Cuando nos adentramos en el problema de la representación del sujeto en la pintura actual y tratamos de relacionarlo con el problema de la identidad, la interpretación se convierte, en muchas ocasiones, en irresoluble. El tránsito al nuevo siglo ha presentado otro ser con nuevos apellidos: “indefinible, abismado, escindido, vacío, imprevisto, trascendido”(14), donde el concepto de unicidad desaparece definitivamente. Nuevas identidades, intersubjetividades, individuos no delimitados que se inscriben en la ficción de una nueva era ajena al carácter engañosamente esclarecedor de las denominaciones tradicionales. La identidad se vuelve versátil, múltiple, y el cuerpo se desplaza hacia lo discontinuo y aleatorio, hacia la metamorfosis. Oclusión de la identidad y diseminación de un yo en constante escisión. Ya no se trata −como ocurría en el arte corporal de los sesenta y setenta− de hacer del cuerpo una representación, sino de “concebirlo nuevamente”(15).

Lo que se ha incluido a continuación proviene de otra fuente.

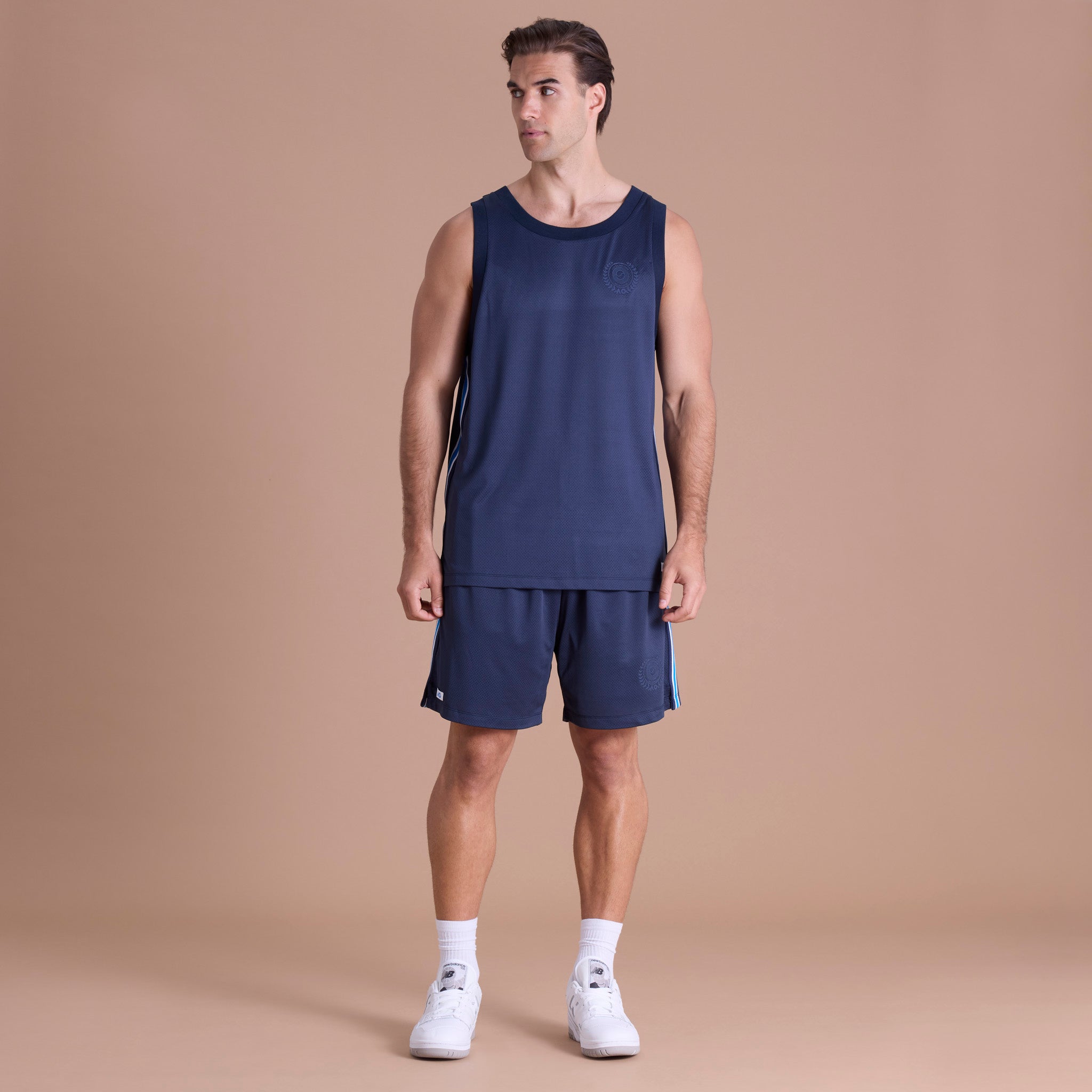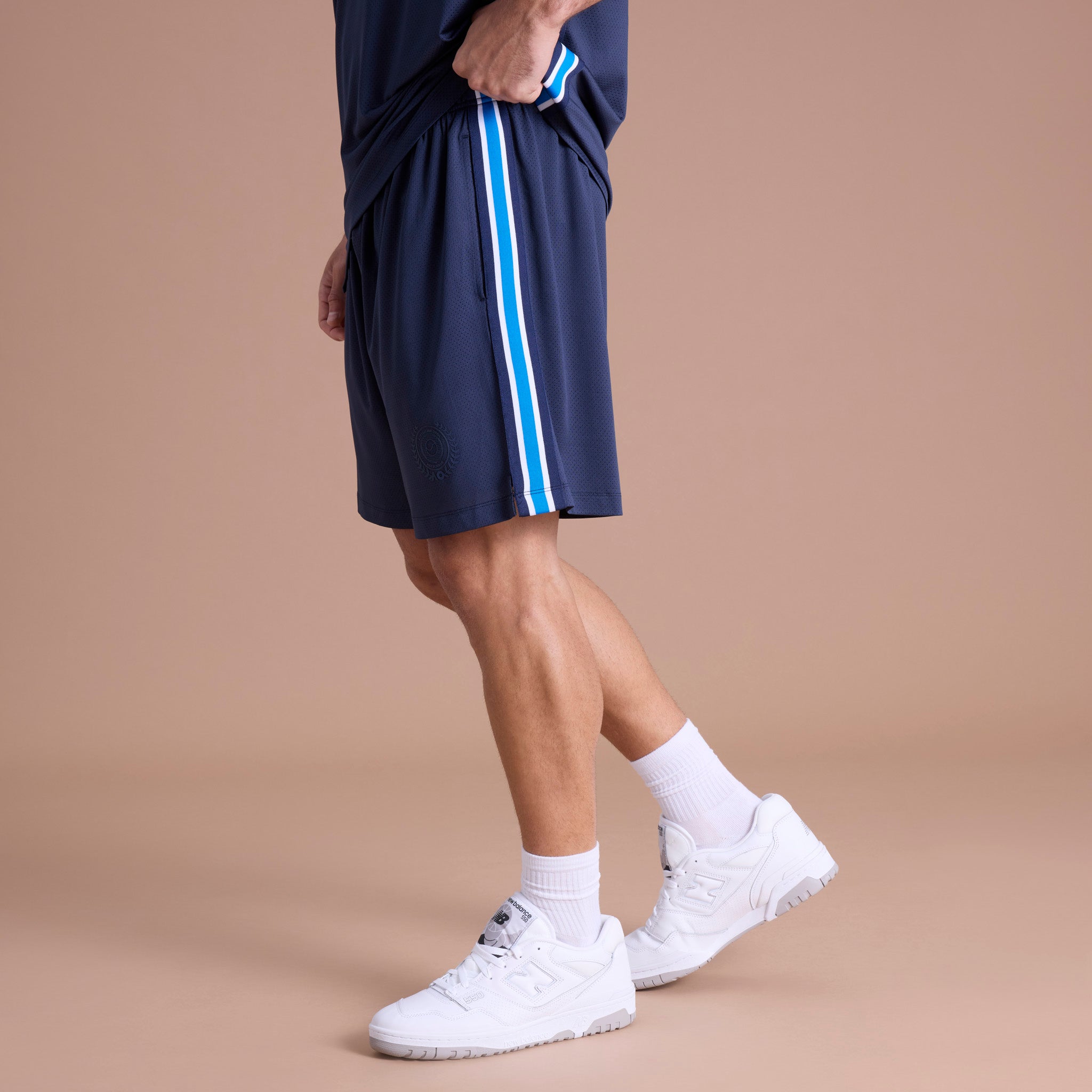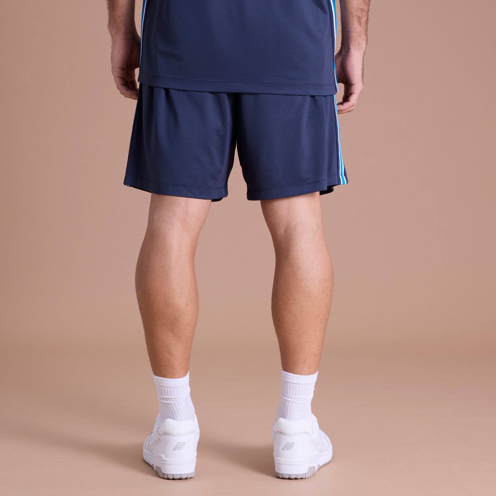 Stay cool with these Mesh Shorts, crafted from lightweight micro mesh fabric with a breathable self-lined design for enhanced airflow and comfort. Featuring sporty striped woven tape and a woven satin label, perfect for training, courtside, or casual wear, these shorts combine signature AO performance with standout style.

“La Guardia Place”: una pintura cruda
Este proceso de desarticular al Ser con respecto a su fundamento carnal constituye, como veremos, una de las posibles vías de análisis de la obra de Ciria elaborada en Nueva York. Tal exploración arranca con la reinvención de sus autómatas malivechanos desde una aceleración de la descomposición (decodificación) de la identidad corporal. La evolución lógica a partir de este punto va a ser tanto de continuidad como de ruptura. Continuidad porque en estas primeras obras encontrará una herramienta excepcional para sus trabajos posteriores: el dibujo como estructura de la forma. Ruptura porque aquellas primeras figuras se irán modulando hasta posibilitar un territorio de progresiva libertad iconográfica, con formas que pronto dejarán de estar reguladas por la lógica del cuerpo. Todo ello nos obligará a considerarlas de otro modo, a leerlas en términos distintos. Este tránsito es el origen de la que sin duda es una de las etapas más brillantes y excepcionales de Ciria, jalonada por el amplio conjunto que configura la serie “La Guardia Place”.

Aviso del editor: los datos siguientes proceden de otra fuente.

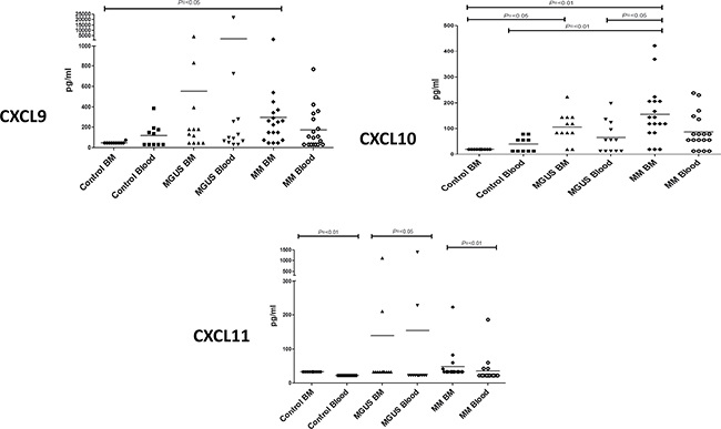 All three chemokines were expressed at low levels in the control group. However, it was noteworthy that CXCL9 and CXCL10 were undetectable within the bone marrow whereas low levels were observed within blood. This indicates that the expression of these inflammatory chemokines is normally under tight regulation within the marrow compartment.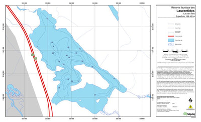 Carte de lac de la Sépaq. Selon les données disponibles, la carte peut présenter diverses informations telles que la bathymétrie ou les sites favorables à la pêche.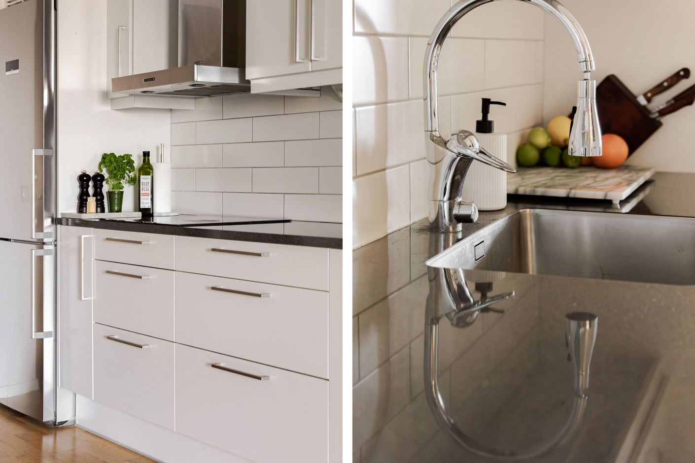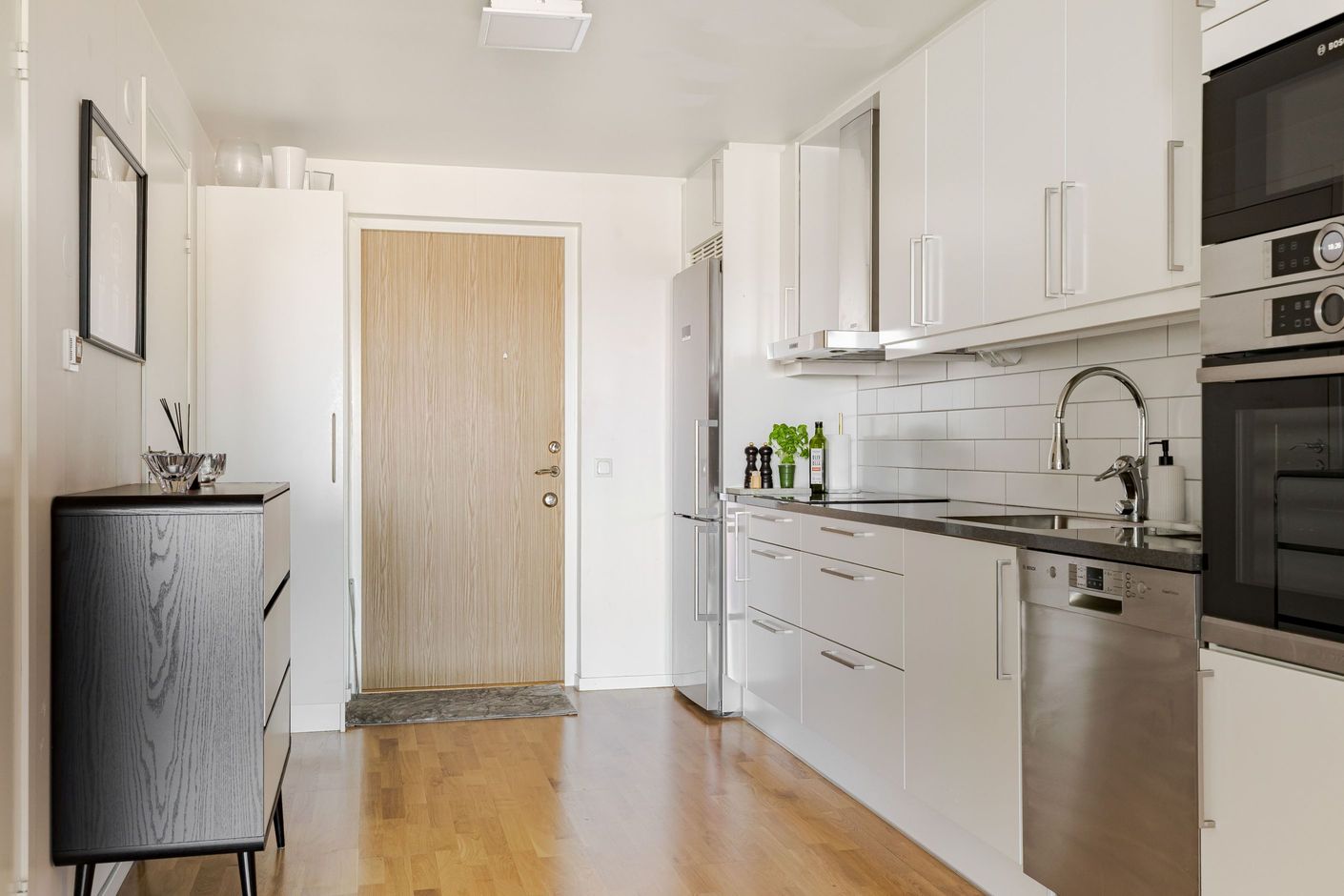 Stilrent kök i vitt med snygg bänkskiva och kakel. Köket är utrustat med spis, ugn, inbyggd mikrovågsugn fläkt, kyl/frys och diskmaskin. Bra matplats intill köket.

A partir de la reflexión del artista sobre el dibujo nacerán familias de diversa intensidad referencial; en todos los casos, es posible intuir la presencia de una morfología fragmentada donde restituye realidades que siempre se encuentran alejadas de una interpretación descriptiva. El dibujo que estructura estas obras recoge en su interior una materia palpitante y a la vez petrificada; acaba por concebirse como germen de un signo icónico que, en sus múltiples matices, lo devora como registro legible. Al mismo tiempo, es el único resorte que posee el motivo frente a la amenaza de su desaparición: si el dibujo no existiera, la mácula se expandiría en un proceso azaroso que posiblemente tendría mucho que ver con la producción abstracta de Ciria. Y sin embargo, no debemos entender este dibujo como una mera demarcación o límite para la mancha: la línea se convierte en herramienta estructural y compositiva de la imagen, define nuevas iconografías y abre la posibilidad de la regulación y la repetición modular.
Una observación pausada de las obras que integran la serie “La Guardia Place” permite descubrir la recurrencia de un mismo elemento formal en diversos trabajos, es decir, la insistencia en unos sintagmas de construcción icónica que estimulan su variabilidad por la vibración tonal, la disposición y su relación con el fondo. El interés de Ciria por la combinatoria y repetición de un mismo módulo o matriz se sitúa en un horizonte que incluye una compleja transformación semántica para cada nuevo registro. A partir de la variación de aquello que se sitúa a ambos lados del límite preciso del dibujo (su interior y su relación con el exterior-fondo), y la inmanencia −siempre matizada y a veces trasgredida− de aquello que lo define como tal matriz (la casi idéntica descripción del perfil), la repetición será entendida ahora como reactivación semántica. A través de este proceso descubrimos cuánto le interesa al artista conseguir la solidez del texto visual para, posteriormente, someterlo a un nuevo estadio.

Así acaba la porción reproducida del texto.